Percibo mucho cariño en la calle, sobre todo en lugares como este [la entrevista se realiza en el Mercado de Castilla]. El resultado está muy abierto y estoy convencida de que hay muchas personas van a concentrar el voto de las elecciones generales y autonómicas a otras opciones del centro-derecha en el PP. La gente ha asumido que el fraccionamiento del voto ha generado un resultado no deseado: que Pedro Sánchez siga en La Moncloa.

¿Se cree las encuestas?
Mucha gente decide su voto en el último momento, hay muchos indecisos. La publicación de algunas encuestas, que en ocasiones tienen más de tres semanas, responden en ocasiones a la voluntad de generar un clima de opinión que no es real.

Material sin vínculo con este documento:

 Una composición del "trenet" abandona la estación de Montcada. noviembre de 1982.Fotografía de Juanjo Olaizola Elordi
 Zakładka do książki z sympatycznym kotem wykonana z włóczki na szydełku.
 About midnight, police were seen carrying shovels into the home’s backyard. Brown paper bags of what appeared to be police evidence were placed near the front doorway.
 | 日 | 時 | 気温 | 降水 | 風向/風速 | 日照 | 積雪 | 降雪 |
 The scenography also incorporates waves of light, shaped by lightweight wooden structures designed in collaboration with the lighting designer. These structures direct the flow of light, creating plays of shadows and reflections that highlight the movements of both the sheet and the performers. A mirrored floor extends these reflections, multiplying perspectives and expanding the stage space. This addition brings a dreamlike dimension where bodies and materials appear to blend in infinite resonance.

¿Ha sido su designación tardía una dificultad añadida para su campaña?
He tenido que hacer una precampaña muy exigente desde el punto de vista físico especialmente. Llevo cinco meses sin parar, pisando todos los barrios, los mercados municipales y ambulantes, asociaciones de todo tipo… Este trabajo me ha permitido llegar a las elecciones con un grado de conocimiento muy elevado y sobre todo con un programa electoral muy hecho a pie de calle y elaborado a base de todas las sugerencias que he ido encontrando y de conversaciones durante estos cinco meses.

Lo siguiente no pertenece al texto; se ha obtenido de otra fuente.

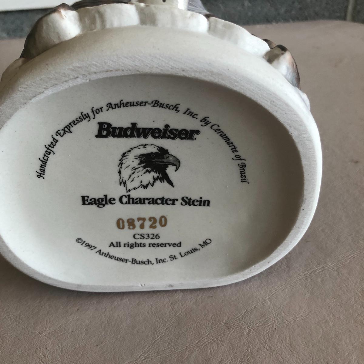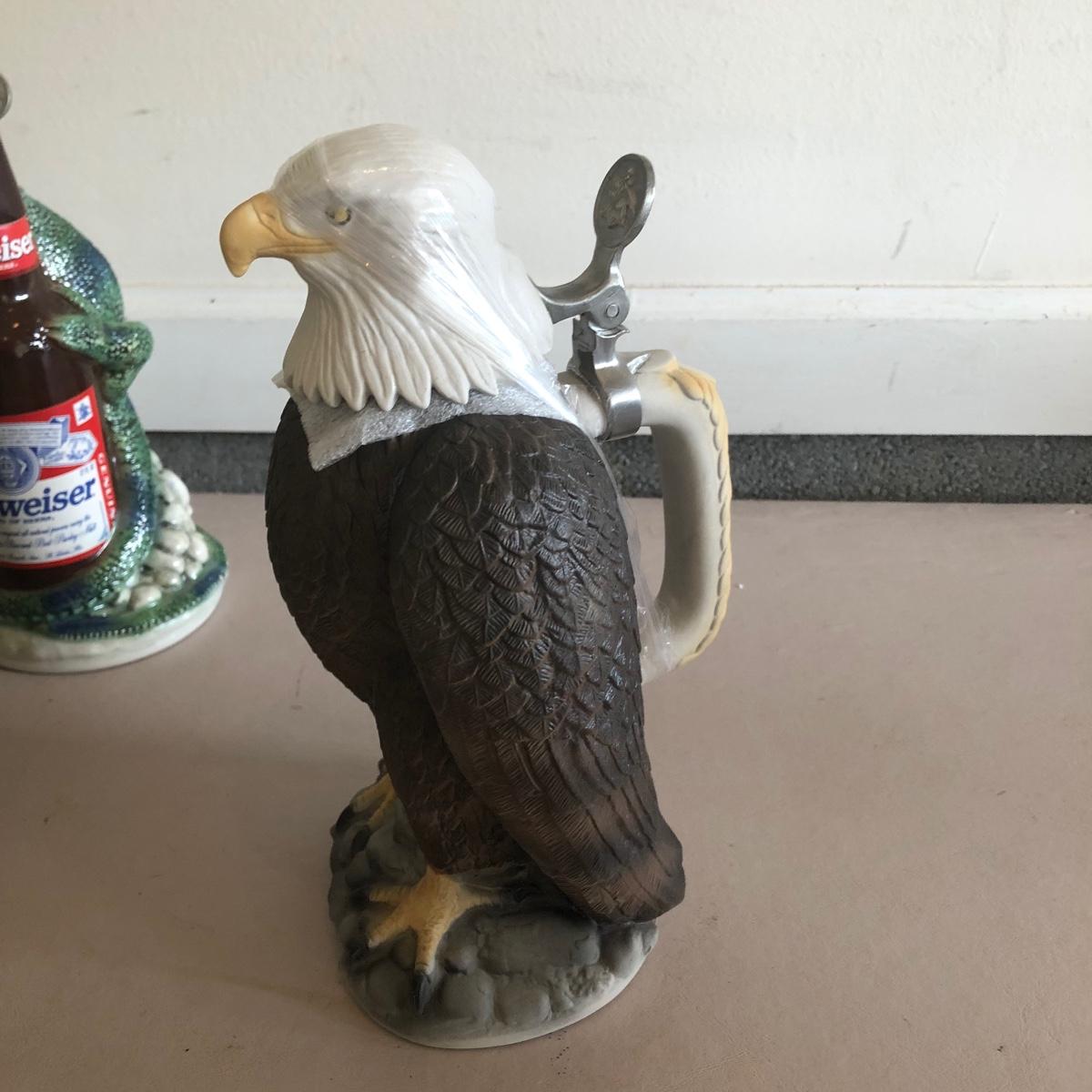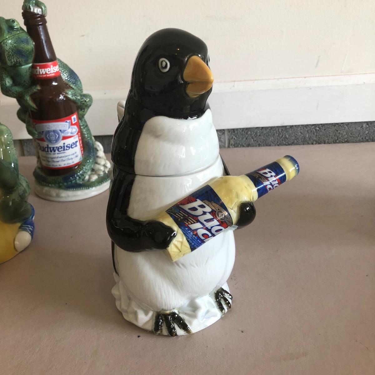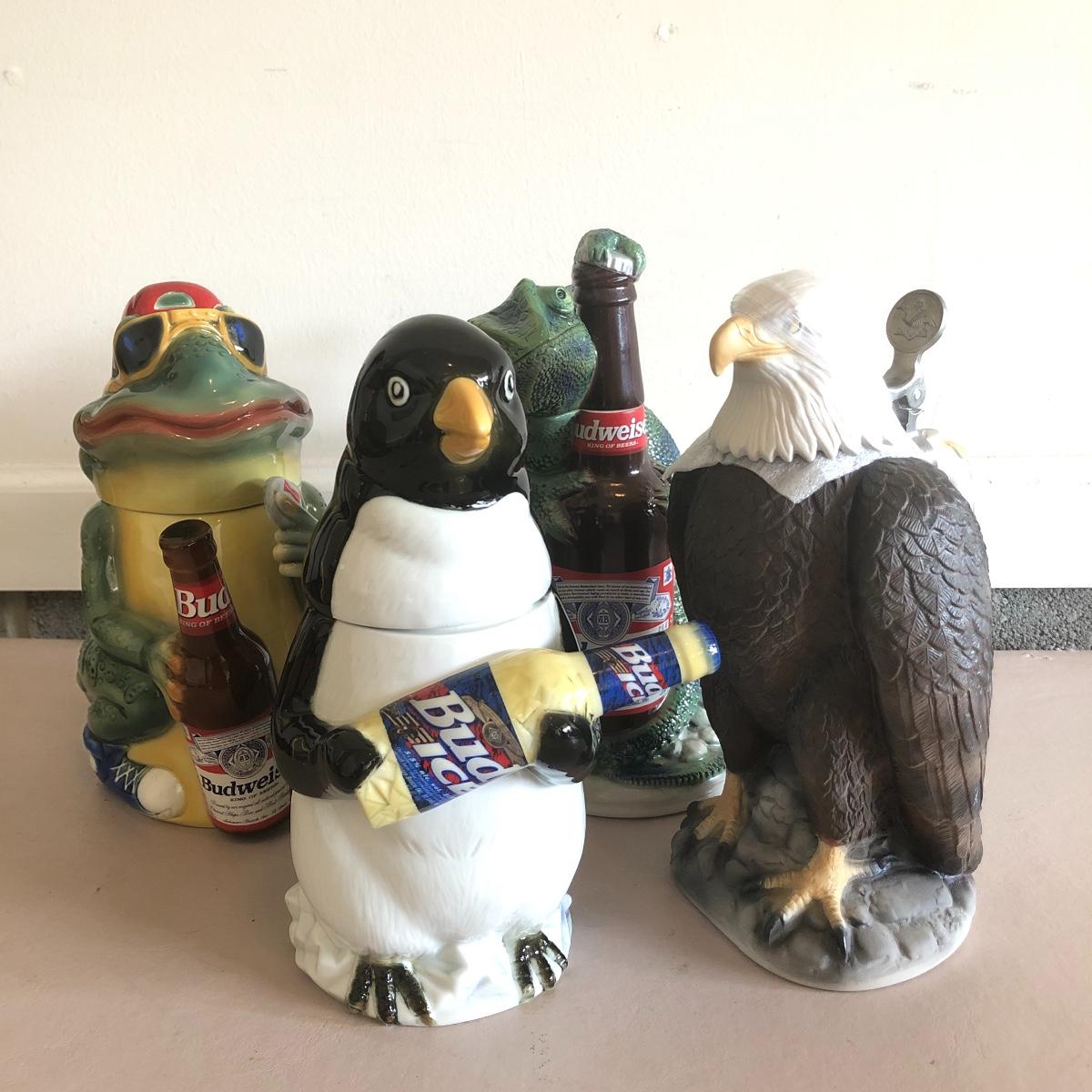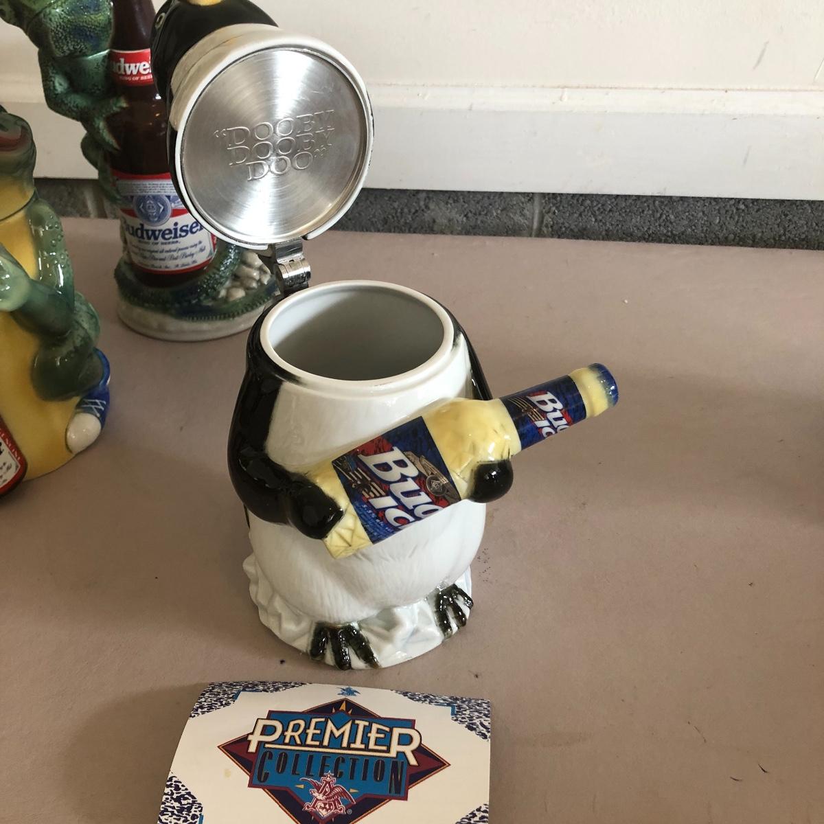 4 ceramic Budweiser Character Steins. The eagle and penguin Steins come with their boxes. Eagle measures 5” x 10”.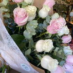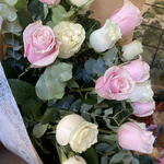 роза пинк мондиаль - 9 шт. декоративная бумага - 1 шт. rosa mondial blanca - 9 шт. декоративный бант - 1 шт.

¿Cuáles son las principales demandas que le hacen en la calle?
La movilidad es un clamor popular. Los problemas de atascos, de personas con movilidad reducida, de colapsos del tráfico… La gente también me manifiesta que, además del colapso del tráfico, encuentran que algunos impuestos son excesivos en esta ciudad. La presión fiscal se ha elevado un 14% en los últimos cuatro años y eso se nota especialmente en determinados colectivos como las familias numerosas, a las que se les ha doblado la carga impositiva. La gente me comenta que tiene mucha ausencia de limpieza, de seguridad y de presencia policial. Falta seguridad, limpieza e iluminación, son tres cuestiones clave. Además, perciben que tienen un Gobierno inclinado hacia el nacionalismo separatista y poco inclinado hacia el cuidado de las señas de identidad tradicionales de la ciudad de València.

El PP ha pasado por una situación complicada estos cuatro años fruto de la imputación judicial de sus concejales y con una gestora. ¿Cómo ve al partido desde su designación como candidata?
Unido. Hemos pasado un sarampión, como se suele decir, nuestro momento delicado, y ahora ya estamos en una recuperación clara. Estamos muy unidos, muy fuertes y sobre todo hemos conseguido tener un objetivo claro que es la Alcaldía de València y que este partido vuelva a funcionar como la maquinaria que es el PP, por sus bases y su arraigo territorial.

¿Cree que la labor de oposición municipal ha quedado en un segundo plano?
Creo sinceramente que han hecho un muy buen trabajo, pero que las circunstancias han generado que ese trabajo no brille como debería haber brillado. No ha tenido el grado de conocimiento que debería.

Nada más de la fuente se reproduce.